SUPPLIED RECORDS:
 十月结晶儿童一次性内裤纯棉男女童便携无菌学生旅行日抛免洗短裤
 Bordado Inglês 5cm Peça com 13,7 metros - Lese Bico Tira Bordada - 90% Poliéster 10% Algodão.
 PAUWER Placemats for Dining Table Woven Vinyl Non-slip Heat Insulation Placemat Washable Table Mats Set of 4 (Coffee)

--

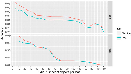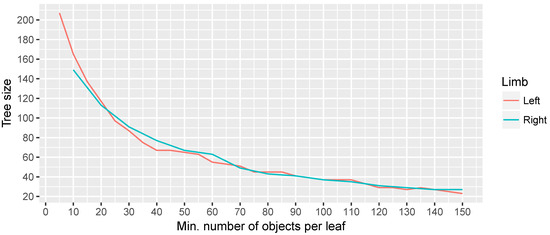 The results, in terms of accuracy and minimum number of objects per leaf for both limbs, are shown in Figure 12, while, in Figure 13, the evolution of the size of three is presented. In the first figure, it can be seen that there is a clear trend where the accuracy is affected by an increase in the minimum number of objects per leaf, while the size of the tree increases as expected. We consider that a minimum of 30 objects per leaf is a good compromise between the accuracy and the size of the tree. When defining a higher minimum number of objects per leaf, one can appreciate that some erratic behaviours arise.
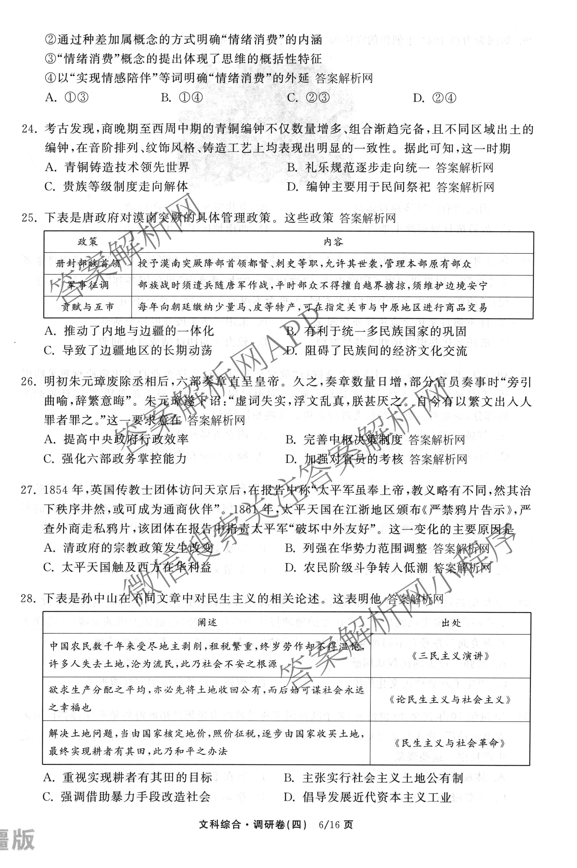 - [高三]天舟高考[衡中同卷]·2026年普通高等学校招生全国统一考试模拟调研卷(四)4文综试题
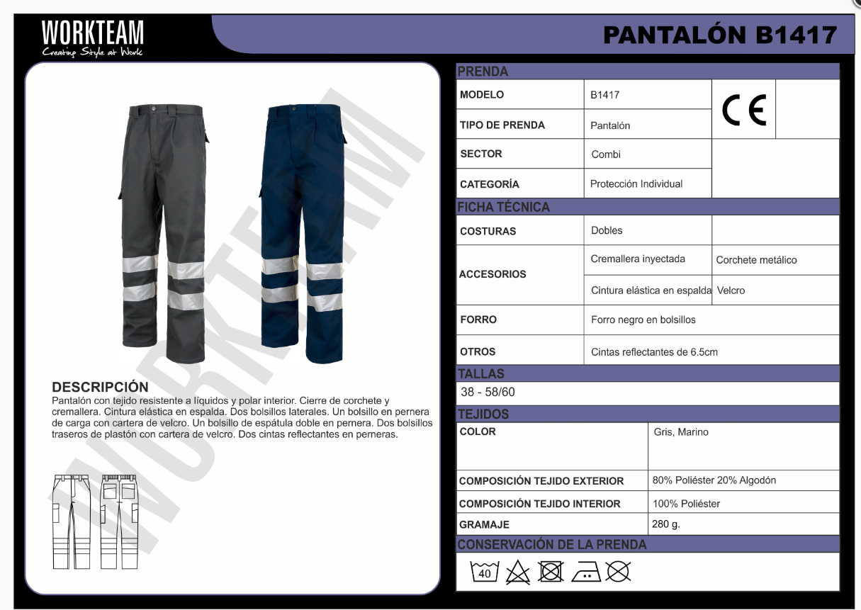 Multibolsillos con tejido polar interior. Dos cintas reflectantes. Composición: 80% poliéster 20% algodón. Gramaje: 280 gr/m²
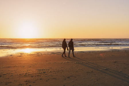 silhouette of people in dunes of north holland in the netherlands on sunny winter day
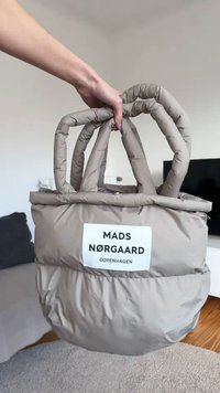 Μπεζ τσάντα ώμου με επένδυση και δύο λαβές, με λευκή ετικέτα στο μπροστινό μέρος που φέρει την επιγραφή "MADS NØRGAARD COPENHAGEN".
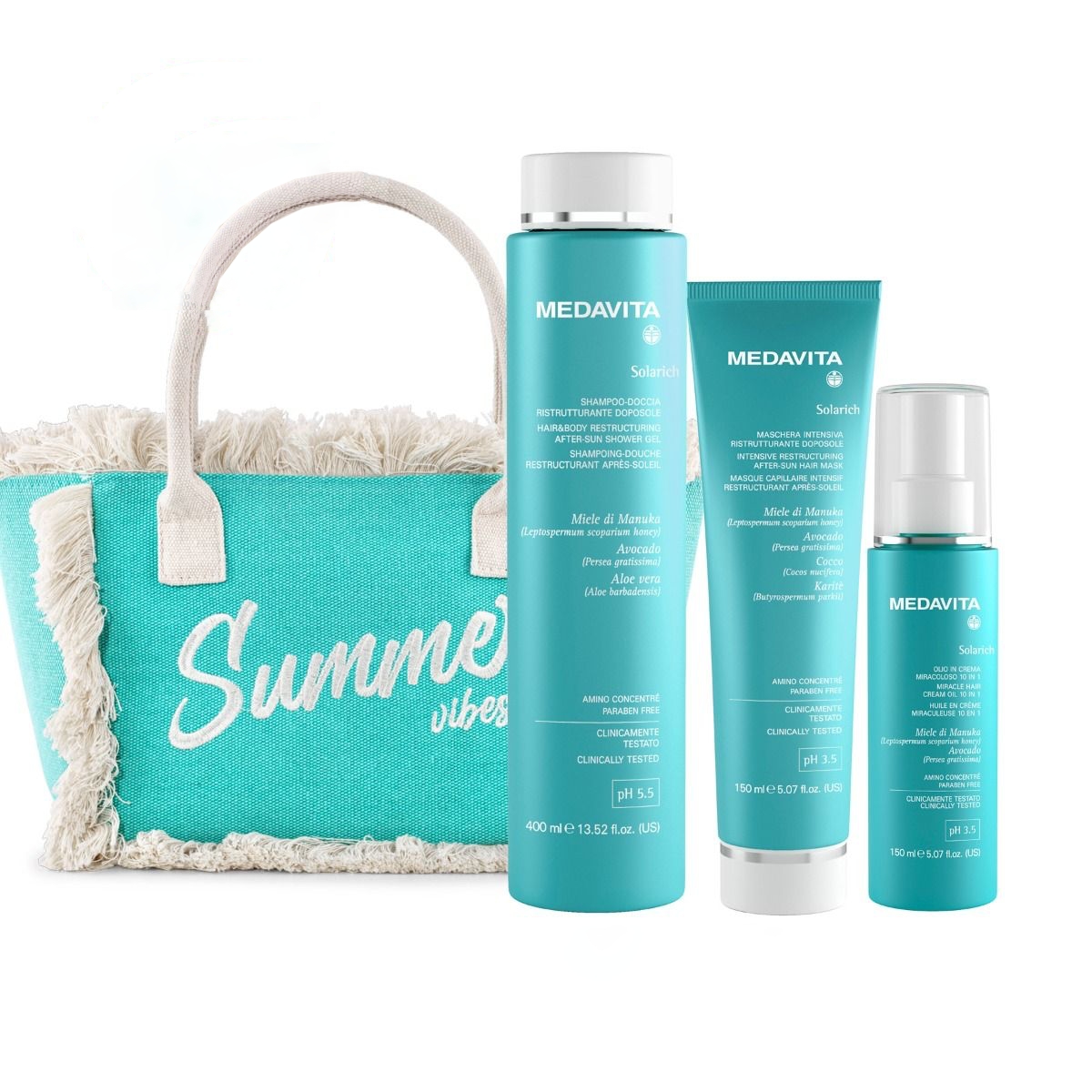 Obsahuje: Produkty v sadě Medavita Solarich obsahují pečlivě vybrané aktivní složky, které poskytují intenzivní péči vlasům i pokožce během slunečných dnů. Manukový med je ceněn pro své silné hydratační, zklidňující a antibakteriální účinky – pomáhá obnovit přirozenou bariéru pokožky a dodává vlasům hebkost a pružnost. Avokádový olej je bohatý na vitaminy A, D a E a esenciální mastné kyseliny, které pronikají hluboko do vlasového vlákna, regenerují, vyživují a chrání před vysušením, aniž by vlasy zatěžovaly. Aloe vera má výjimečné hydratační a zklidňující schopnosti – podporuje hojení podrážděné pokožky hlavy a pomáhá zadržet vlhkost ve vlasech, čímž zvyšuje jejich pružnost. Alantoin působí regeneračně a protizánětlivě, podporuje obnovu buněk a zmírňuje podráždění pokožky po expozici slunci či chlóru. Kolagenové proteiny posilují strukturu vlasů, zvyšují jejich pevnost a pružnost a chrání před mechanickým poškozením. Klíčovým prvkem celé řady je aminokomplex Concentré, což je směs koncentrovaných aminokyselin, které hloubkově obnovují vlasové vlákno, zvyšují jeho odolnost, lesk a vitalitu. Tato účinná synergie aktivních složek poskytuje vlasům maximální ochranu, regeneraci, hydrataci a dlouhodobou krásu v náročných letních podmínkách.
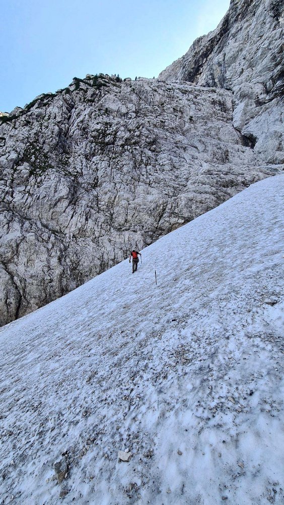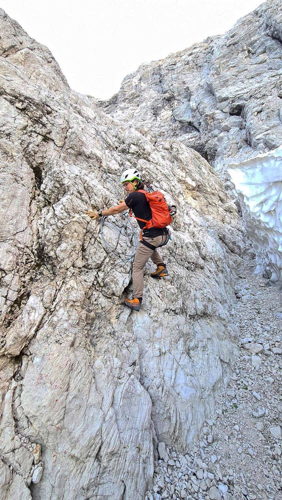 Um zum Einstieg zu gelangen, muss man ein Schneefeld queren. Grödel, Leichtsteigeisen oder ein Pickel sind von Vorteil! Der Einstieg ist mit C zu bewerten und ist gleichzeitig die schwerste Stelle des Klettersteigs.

--

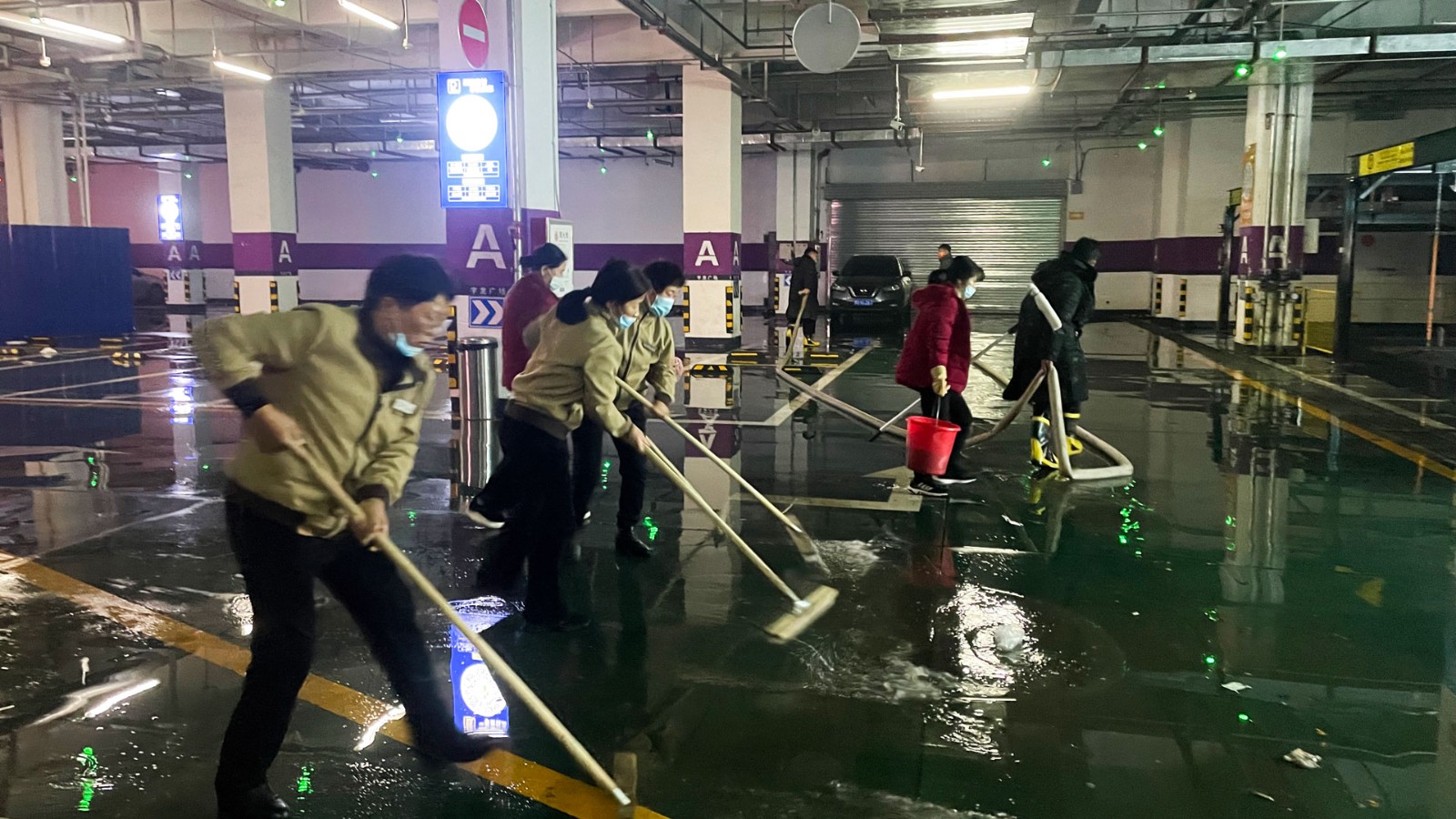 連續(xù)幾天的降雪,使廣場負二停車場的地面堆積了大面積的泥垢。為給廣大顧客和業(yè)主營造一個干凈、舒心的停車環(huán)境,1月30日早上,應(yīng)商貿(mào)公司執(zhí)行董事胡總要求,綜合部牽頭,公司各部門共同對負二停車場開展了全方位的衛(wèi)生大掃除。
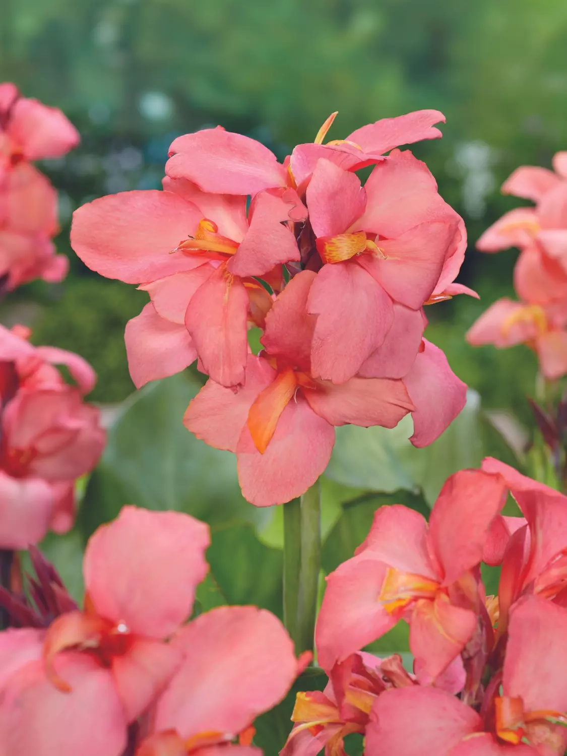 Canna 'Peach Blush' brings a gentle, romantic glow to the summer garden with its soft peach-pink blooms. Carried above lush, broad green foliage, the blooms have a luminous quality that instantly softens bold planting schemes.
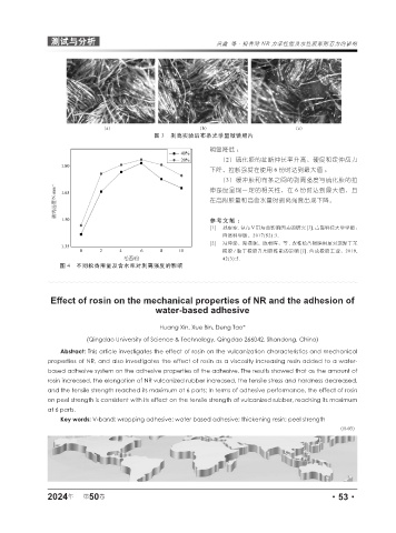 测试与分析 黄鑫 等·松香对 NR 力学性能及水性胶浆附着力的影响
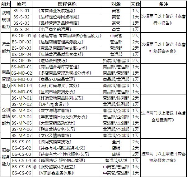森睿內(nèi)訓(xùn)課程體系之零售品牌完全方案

TASK STATEMENT: Among the records above, extract exactly the lines from the line with "十月结晶儿童一次性内裤纯棉男女童便携无菌学生旅行日抛免洗短裤" to the line with "PAUWER Placemats for", both lines included, and leave out the rest.

TASK RESULT:
 十月结晶儿童一次性内裤纯棉男女童便携无菌学生旅行日抛免洗短裤
 Bordado Inglês 5cm Peça com 13,7 metros - Lese Bico Tira Bordada - 90% Poliéster 10% Algodão.
 PAUWER Placemats for Dining Table Woven Vinyl Non-slip Heat Insulation Placemat Washable Table Mats Set of 4 (Coffee)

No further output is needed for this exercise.